Output the data below exactly, images excluded.

*MATERIAL PROVIDED*.
····················
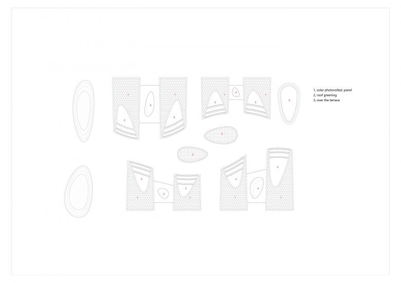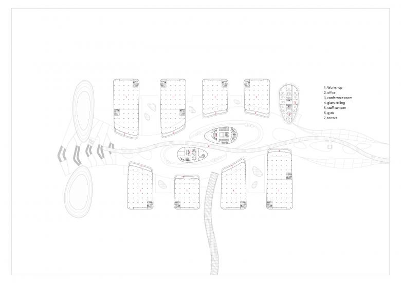 The pedestrian traffic line in the factory area is differentiated inside and outside according to different functions, and does not overlap with the vehicle traffic line, so that people and vehicles are separated from each other. Outside Purposeful Arrival: The pedestrian flow inside the base comes to the foyer of each single building on the first floor of the plant through the vertical traffic of the four corners. Inside leisure stroll: the east-west landscape leisure axis connects the whole factory area, and the offices of each single building can come to the landscape walkway smoothly through the landscape terrace.
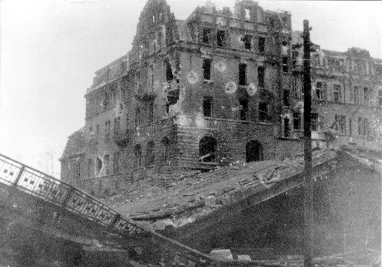 Tak most Uniwersytecki wyglądał po zakończeniu działań wojennych w Poznaniu, w lutym 1945 r.
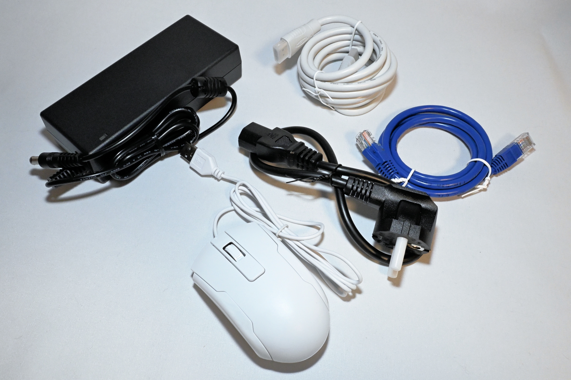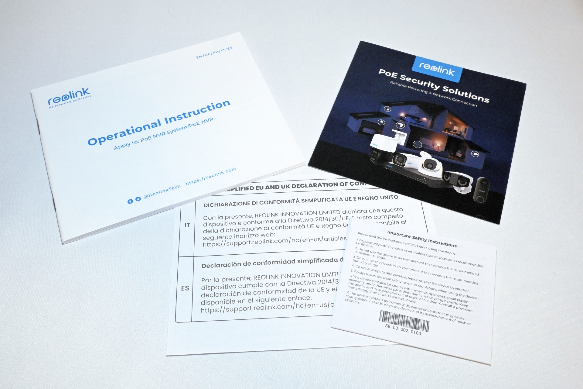 The NVR comes in a rather anonymous brown box with minimal information on it. Opening it up we find operational instructions, declarations, safety instructions and a flyer. On the side of the NVR inside the box is another box which contains the power supply, HDMI cable, network cable and a mouse. Mice are a common thing to get with NVRs as that together with the HDMI cable to a monitor is the absolute easiest way to control an NVR. It is also the most secure as you can skip the exposure to your LAN and possible the Internet by omitting the network cable.
····················
*SOLUTION*.
 The pedestrian traffic line in the factory area is differentiated inside and outside according to different functions, and does not overlap with the vehicle traffic line, so that people and vehicles are separated from each other. Outside Purposeful Arrival: The pedestrian flow inside the base comes to the foyer of each single building on the first floor of the plant through the vertical traffic of the four corners. Inside leisure stroll: the east-west landscape leisure axis connects the whole factory area, and the offices of each single building can come to the landscape walkway smoothly through the landscape terrace.
 Tak most Uniwersytecki wyglądał po zakończeniu działań wojennych w Poznaniu, w lutym 1945 r.
 The NVR comes in a rather anonymous brown box with minimal information on it. Opening it up we find operational instructions, declarations, safety instructions and a flyer. On the side of the NVR inside the box is another box which contains the power supply, HDMI cable, network cable and a mouse. Mice are a common thing to get with NVRs as that together with the HDMI cable to a monitor is the absolute easiest way to control an NVR. It is also the most secure as you can skip the exposure to your LAN and possible the Internet by omitting the network cable.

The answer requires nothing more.